[Items from a data source]

- - -

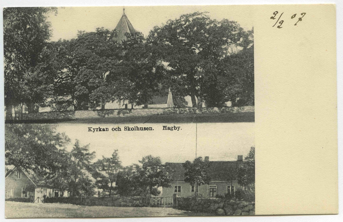 Vykort med motiv av Hagby kyrka och skolhusen.
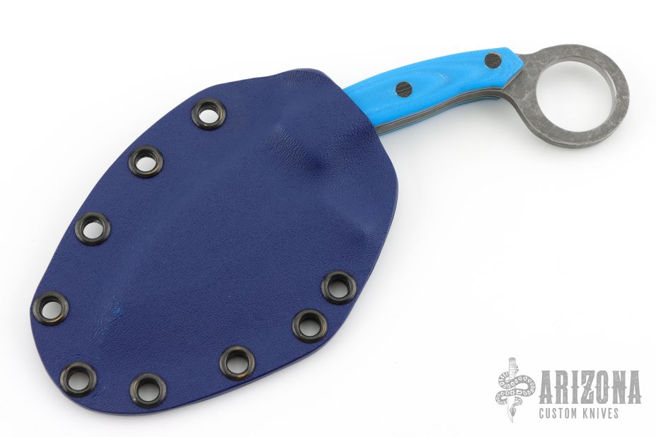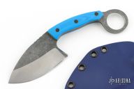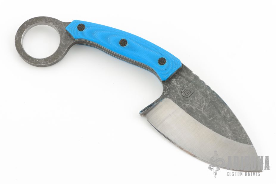 This karambit features a satin finished blade with acid stonewashed flats, notched thumbrest, .177" blade stock and 1.607" blade depth, full tang construction. The handle has blue G-10 scales with black and gray liners. Comes with a kydex sheath. Has a few light scratches, otherwise excellent condition. "SS BW" inside a shield is the makers mark. Please let us know if you know who this is.
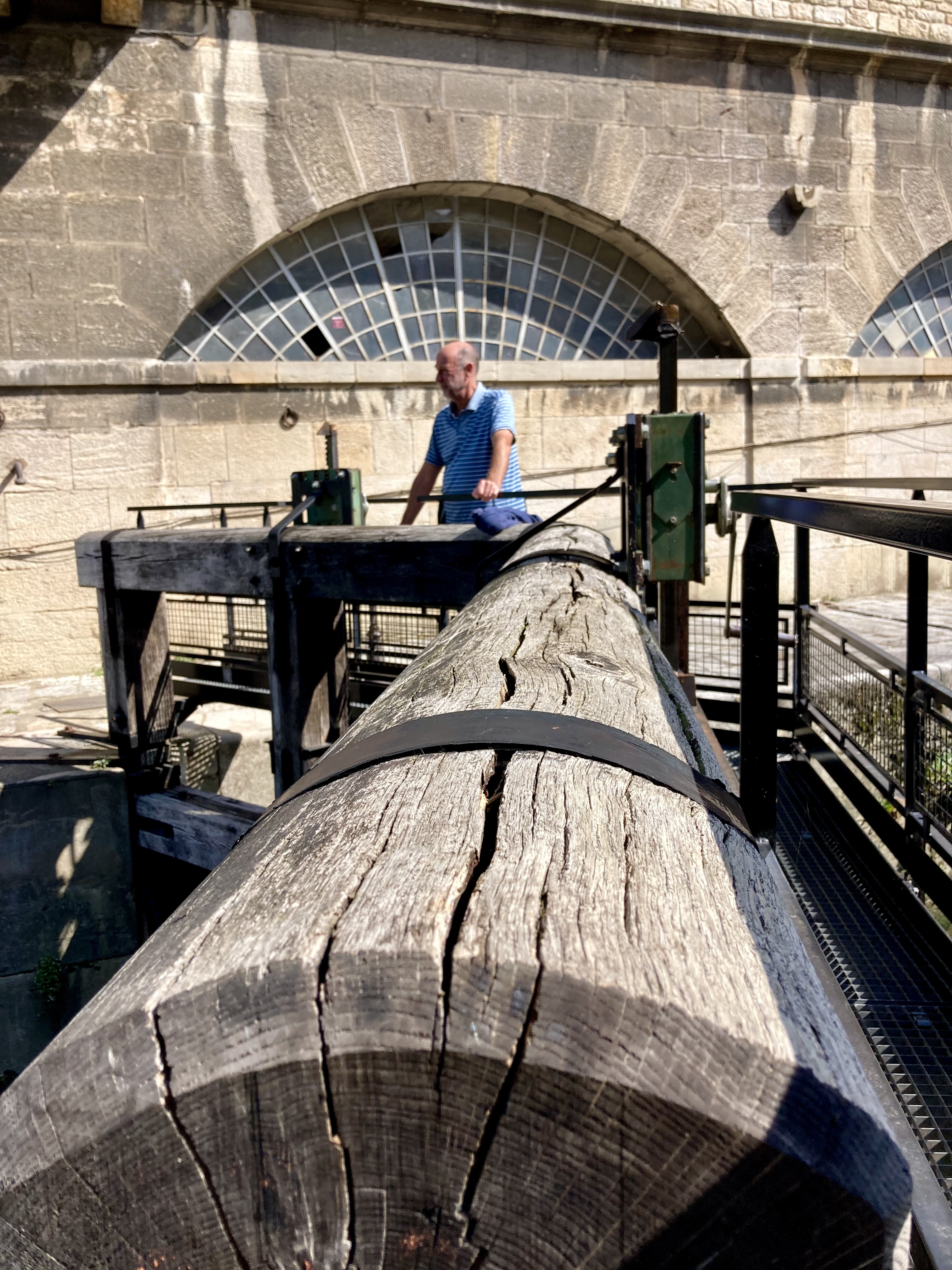 Ah! Now he understood why we were on the waiting pontoon – and two other boats were wallowing about on the river behind us, both also waiting for the lock. His job was weed clearance, but he would help us. He went to the lock controls and soon the gates fully opened – to reveal a large tree trunk that presumably had been trapping the doors.
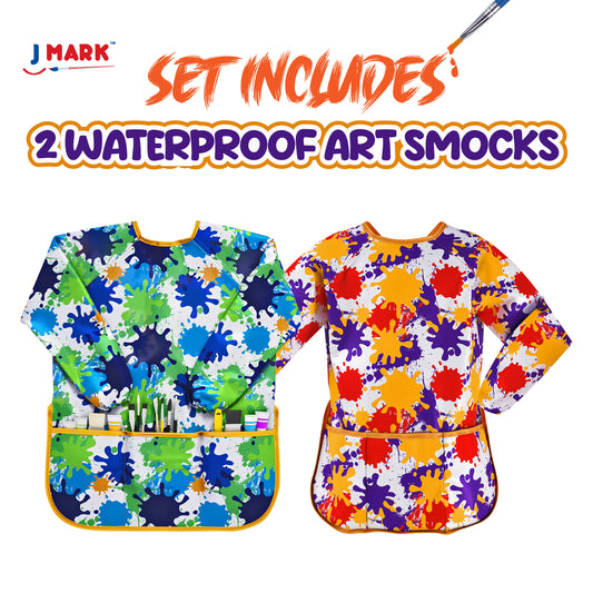 J MARK Waterproof Kids Art Smock Painting Apron 2 Pack Long Sleeve and 2...
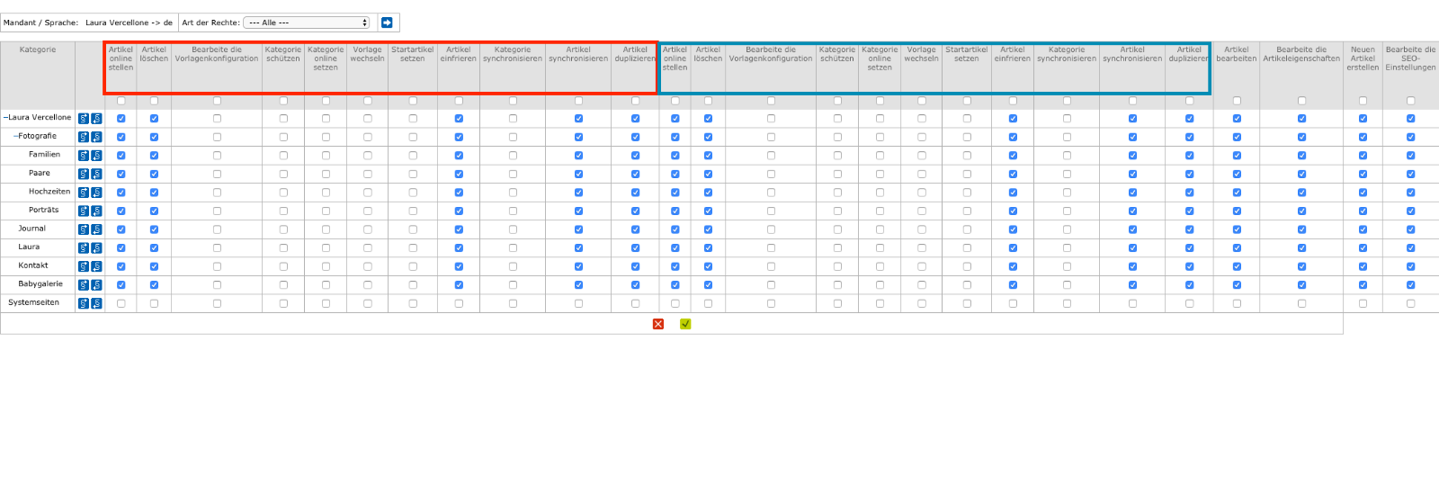 Ich will diesem Benutzer im Reiter "Content" überall Rechte vergeben ausser in einer Kategorie. Nun wollte ich hinten die Checkbox "Alle markieren" anklicken und in der entsprechenden Kategorie den Haken wegnehmen. Leider scheint das nicht zu funktionieren. Es werden nicht alle Felder markiert, sondern nur ein Teil. Siehe Screenshot:
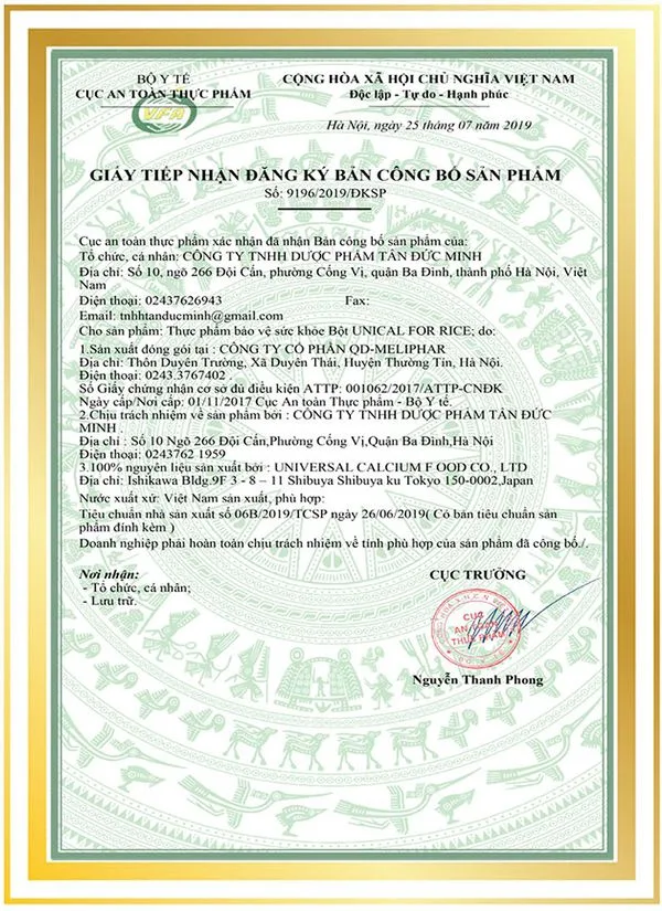 CANXI CƠM UNICAL FOR RICE CHỊU TRÁCH NHIỆM PHÂN PHỐI BỞI CÔNG TY TNHH DƯỢC PHẨM TÂN ĐỨC MINH
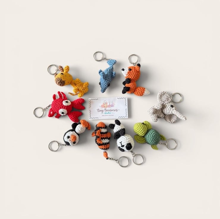 Handmade mini crochet animal keyrings and bag charms each one carefully crocheted by hand and perfect as gifts, keychains, or cute accessories.

- - -

■ **Work to complete**
Could you repeat the data exactly, omitting its pictures?

■ **Exercise output**
 Vykort med motiv av Hagby kyrka och skolhusen.
 This karambit features a satin finished blade with acid stonewashed flats, notched thumbrest, .177" blade stock and 1.607" blade depth, full tang construction. The handle has blue G-10 scales with black and gray liners. Comes with a kydex sheath. Has a few light scratches, otherwise excellent condition. "SS BW" inside a shield is the makers mark. Please let us know if you know who this is.
 Ah! Now he understood why we were on the waiting pontoon – and two other boats were wallowing about on the river behind us, both also waiting for the lock. His job was weed clearance, but he would help us. He went to the lock controls and soon the gates fully opened – to reveal a large tree trunk that presumably had been trapping the doors.
 J MARK Waterproof Kids Art Smock Painting Apron 2 Pack Long Sleeve and 2...
 Ich will diesem Benutzer im Reiter "Content" überall Rechte vergeben ausser in einer Kategorie. Nun wollte ich hinten die Checkbox "Alle markieren" anklicken und in der entsprechenden Kategorie den Haken wegnehmen. Leider scheint das nicht zu funktionieren. Es werden nicht alle Felder markiert, sondern nur ein Teil. Siehe Screenshot:
 CANXI CƠM UNICAL FOR RICE CHỊU TRÁCH NHIỆM PHÂN PHỐI BỞI CÔNG TY TNHH DƯỢC PHẨM TÂN ĐỨC MINH
 Handmade mini crochet animal keyrings and bag charms each one carefully crocheted by hand and perfect as gifts, keychains, or cute accessories.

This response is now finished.